Python Psythese Module built in CSV integrated with Listing List list and serariary talks can manage custom CSV activities in one row of the code. These liners are ready for speedy data evaluation, ETL repairs to repair, or when working in the pressed areas where external libraries are not available.
Let's use the SAMPLess Dataset with 50 records: TASDAY.CSV Then start!
🔗 Link to the code in Githubub
Obvious 1. Find the column sum
Calculate the number of column of number in all lines.
print(f"Total: ${sum(float(r[3]) for r in __import__('csv').reader(open(path)) if r[0] != 'transaction_id'):,.2f}")

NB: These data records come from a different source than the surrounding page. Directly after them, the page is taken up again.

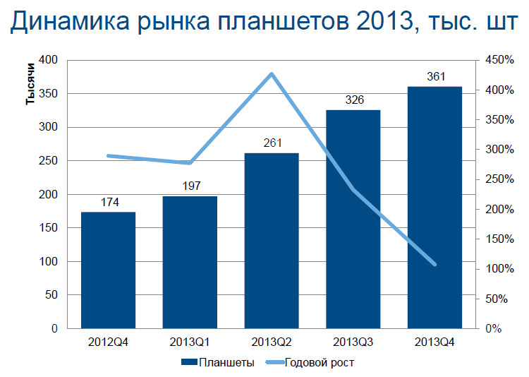 По оценкам аналитиков IDC, отечественный рынок планшетов остается третьим по величине в странах Центральной и Восточной Европы, уступая только России (8,6 млн устройств в 2013 г.) и Польше (2 млн). А по темпам роста украинский рынок, как и в 2012 г., располагается на второй строчке в регионе вслед за Румынией (216%).
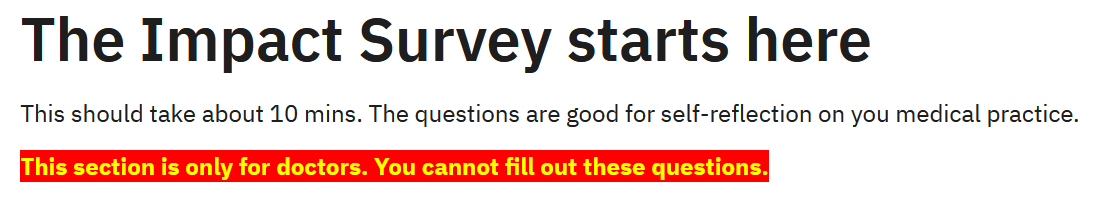 <script type="text/javascript"> $(document).ready(function() { if ((G1Q00001 == "N")) { // Check if the respondent is not a professional $('input, select, textarea').prop('disabled', true); // Disable all input fields } }); </script>
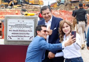 -El director de la Comisión Nacional de Cultura Física y Deporte (CONADE), Rommel Pacheco y el gobernador Alejandro Armenta encabezaron la colocación de la primera piedra de la Universidad del Deporte.
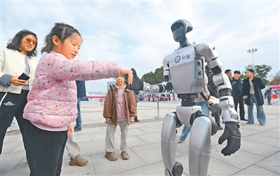 10月25日,江蘇省揚(yáng)州市公安局在揚(yáng)州市明月湖廣場舉行警營開放日活動,現(xiàn)場設(shè)立多個主題互動展區(qū),市民可以近距離接觸警務(wù)裝備。圖為人形機(jī)器人與小朋友互動。孟德龍攝(人民視覺)
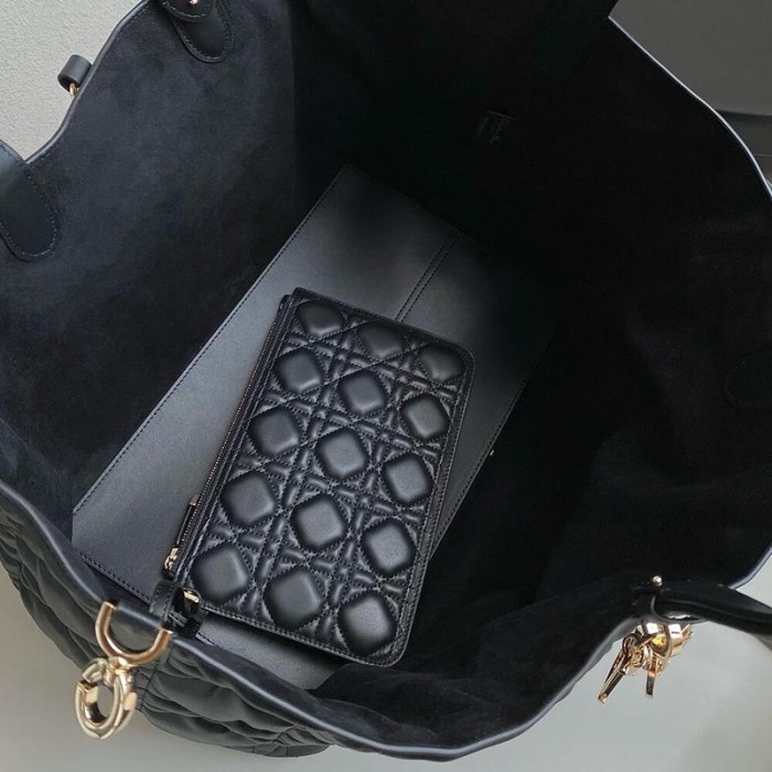 The bag’s large size can accommodate a 15-inch laptop, a pouch, a wallet, a phone, a card holder, sunglasses and lipstick
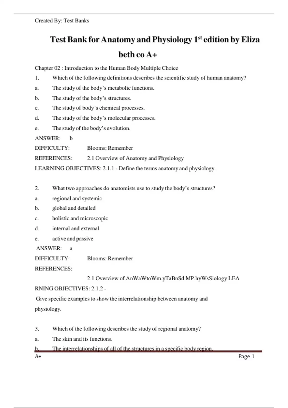 Test Bank - Anatomy and Physiology, 1st Edition ,Elizabeth Co
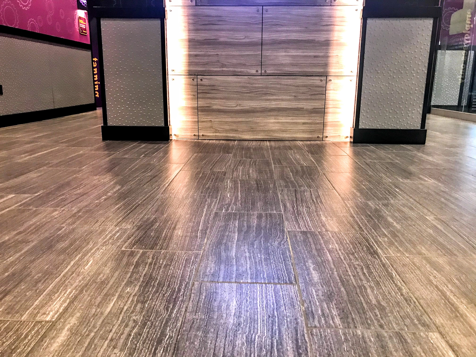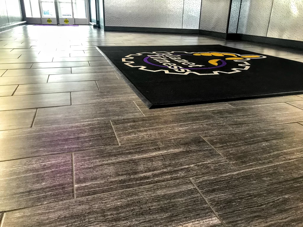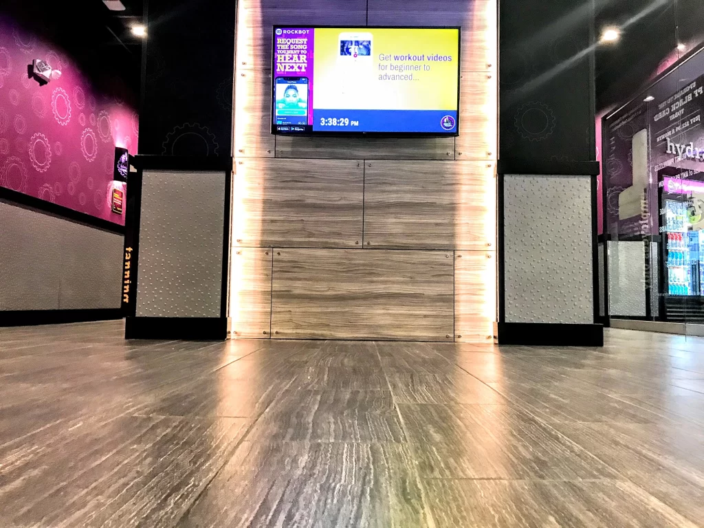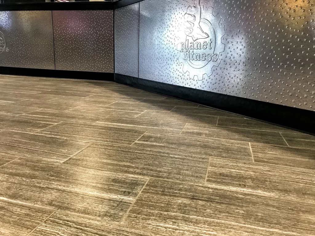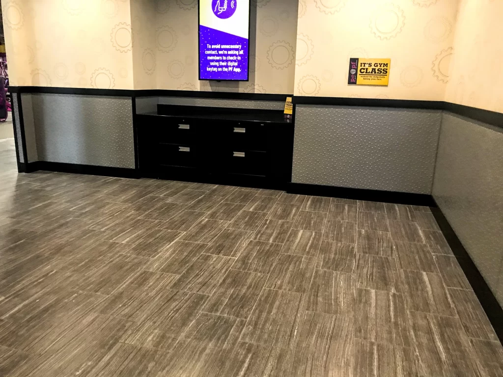 Fischer Flooring installed a variety of tiles, including ceramic tiles throughout this Planet Fitness on the floors and walls.

Here, path Is the flexibility grabbing the way to the CSV sample file. As a result of this example, on Google Colab, of course path = "/content/data.csv".
Which is output:
Here, __import__('csv') Importing a built-in model of CSV. The general expression of the generator skips a headline, converts column prices to float, find, as well as the capital notation structures. Correct column indicator (3) and header check as needed.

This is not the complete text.